> _Task description_: Would you reproduce the whole listing exactly, minus its images?

> _Collected data_:
▼
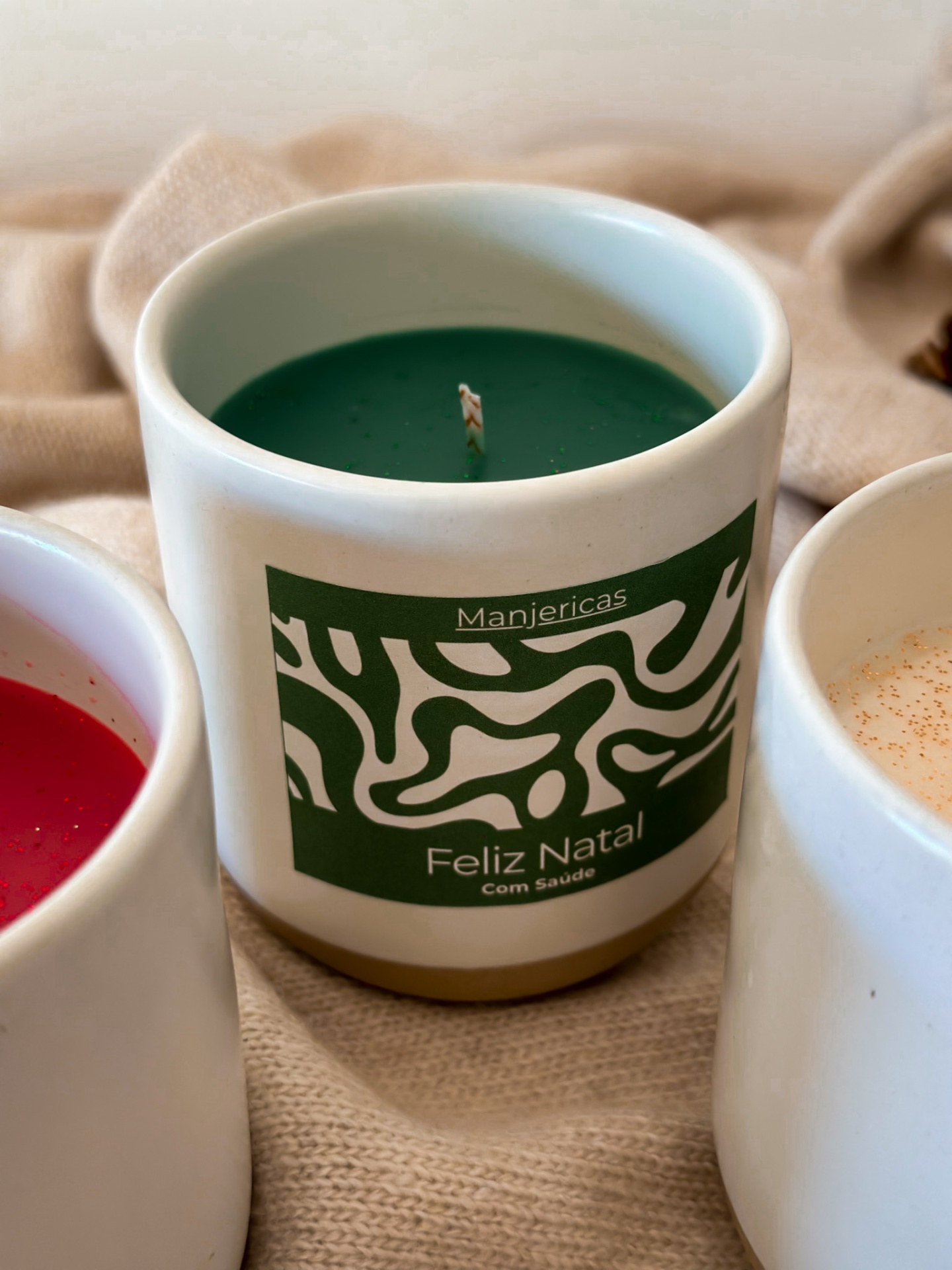 A vela Feliz Natal com Saúde, num copo de cerâmica, traz o aroma verde e puro do pinheiro e do eucalipto, leve, revigorante e com um toque frio, como o ar das manhãs de dezembro.
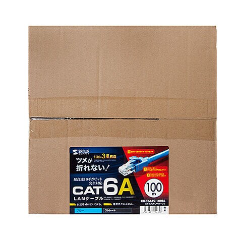 サンワサプライ カテゴリ6A LANケーブル(ブルー・100m) KB-T6ATS-100BL 【返品種別A】
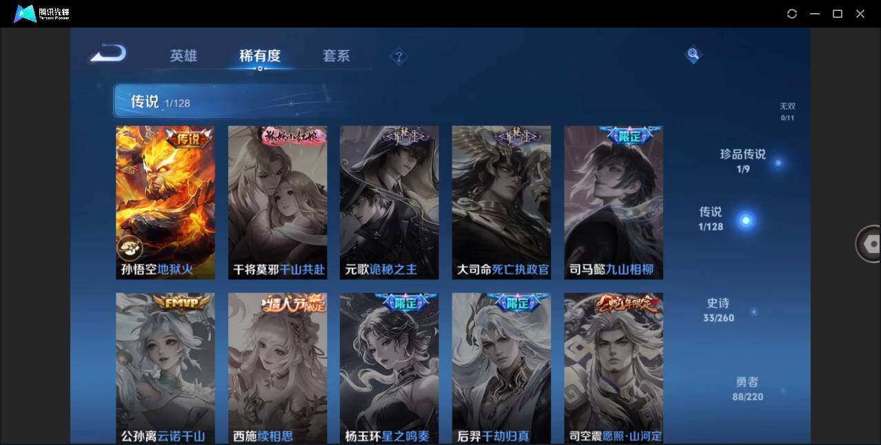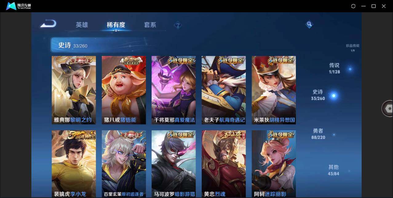 - [12091931]V8 2典藏 1无双 1珍品传说 18传说 124英雄 329皮肤 可修改实名 优质装备:鸣剑·曳影,全息碎影(猴子典藏),碎月剑心(李白无双),云鹰飞将(小将军),久胜战神,一念神魔,末日机甲-孙尚香(绿蚂蚱),时之恋人-刘备(电焊工),淬星耀世,挚爱之约,山海·炽霜斩(李信年限),妄想实况,澜逐花归海 珍品传说:兔狲·蓬尾 传说皮:幻光神枪 珍宝阁皮:万物之道,优雅恋人,蔷薇恋人,玩趣恶龙 限定皮:鸣野蒿,至尊宝,凤求凰(白切鸡),梅西,武陵仙君(小桃花),傲雪梅枪,时雨天司(水龙头),神威(电光马子),飞衡(韩信年限),高山流水,诗剑行,匿光决锋者,五谷丰年,梁祝,李小龙,辉光之辰,默契交锋-花木兰,孙行者,一生所爱,大圣娶亲,青春决赛季,枫霜尽,山海·玄木吟(马可年限) 史诗皮:鸭鸭历险记-刘禅,器灵·浮梦炉,星界战将,龙之律动,石田雨龙,茶境仙,破空之剑,决胜骁骑,织梦人,紫霞仙子,苍穹之光,电玩小子(小书包),白龙吟,黄金分割率,特工魅影,千年之狐,永昼,江河有灵,魅语,蒙恬荣光圣徽,无限星赏官,冰冠公主,偶像歌手,暗夜猫娘,末日机甲-吕布,猫狗日记-孙策,猫狗日记-大乔,乱世虎臣,节奏热浪,修罗,女仆咖啡,摇滚巨星,水果甜心,天才门将,星夜王子,心灵骇客,功夫厨神,德古拉伯爵,暗隐猎兽者,幽灵船长,鬼剑武藏,心灵战警,乐园奇幻夜,舞动绿茵,地狱岩魂,纤云弄巧,缤纷独角兽,乘风破浪,逐浪之夏,月团寄思,水晶猎龙者,金属风暴,原初追逐者,圣诞狂欢,圣诞恋歌,鹰眼统帅,暗夜贵公子,魅力维加斯,黎明之约,无心,未来纪元-赵云
▲
> _Your response_:
 A vela Feliz Natal com Saúde, num copo de cerâmica, traz o aroma verde e puro do pinheiro e do eucalipto, leve, revigorante e com um toque frio, como o ar das manhãs de dezembro.
 サンワサプライ カテゴリ6A LANケーブル(ブルー・100m) KB-T6ATS-100BL 【返品種別A】
 - [12091931]V8 2典藏 1无双 1珍品传说 18传说 124英雄 329皮肤 可修改实名 优质装备:鸣剑·曳影,全息碎影(猴子典藏),碎月剑心(李白无双),云鹰飞将(小将军),久胜战神,一念神魔,末日机甲-孙尚香(绿蚂蚱),时之恋人-刘备(电焊工),淬星耀世,挚爱之约,山海·炽霜斩(李信年限),妄想实况,澜逐花归海 珍品传说:兔狲·蓬尾 传说皮:幻光神枪 珍宝阁皮:万物之道,优雅恋人,蔷薇恋人,玩趣恶龙 限定皮:鸣野蒿,至尊宝,凤求凰(白切鸡),梅西,武陵仙君(小桃花),傲雪梅枪,时雨天司(水龙头),神威(电光马子),飞衡(韩信年限),高山流水,诗剑行,匿光决锋者,五谷丰年,梁祝,李小龙,辉光之辰,默契交锋-花木兰,孙行者,一生所爱,大圣娶亲,青春决赛季,枫霜尽,山海·玄木吟(马可年限) 史诗皮:鸭鸭历险记-刘禅,器灵·浮梦炉,星界战将,龙之律动,石田雨龙,茶境仙,破空之剑,决胜骁骑,织梦人,紫霞仙子,苍穹之光,电玩小子(小书包),白龙吟,黄金分割率,特工魅影,千年之狐,永昼,江河有灵,魅语,蒙恬荣光圣徽,无限星赏官,冰冠公主,偶像歌手,暗夜猫娘,末日机甲-吕布,猫狗日记-孙策,猫狗日记-大乔,乱世虎臣,节奏热浪,修罗,女仆咖啡,摇滚巨星,水果甜心,天才门将,星夜王子,心灵骇客,功夫厨神,德古拉伯爵,暗隐猎兽者,幽灵船长,鬼剑武藏,心灵战警,乐园奇幻夜,舞动绿茵,地狱岩魂,纤云弄巧,缤纷独角兽,乘风破浪,逐浪之夏,月团寄思,水晶猎龙者,金属风暴,原初追逐者,圣诞狂欢,圣诞恋歌,鹰眼统帅,暗夜贵公子,魅力维加斯,黎明之约,无心,未来纪元-赵云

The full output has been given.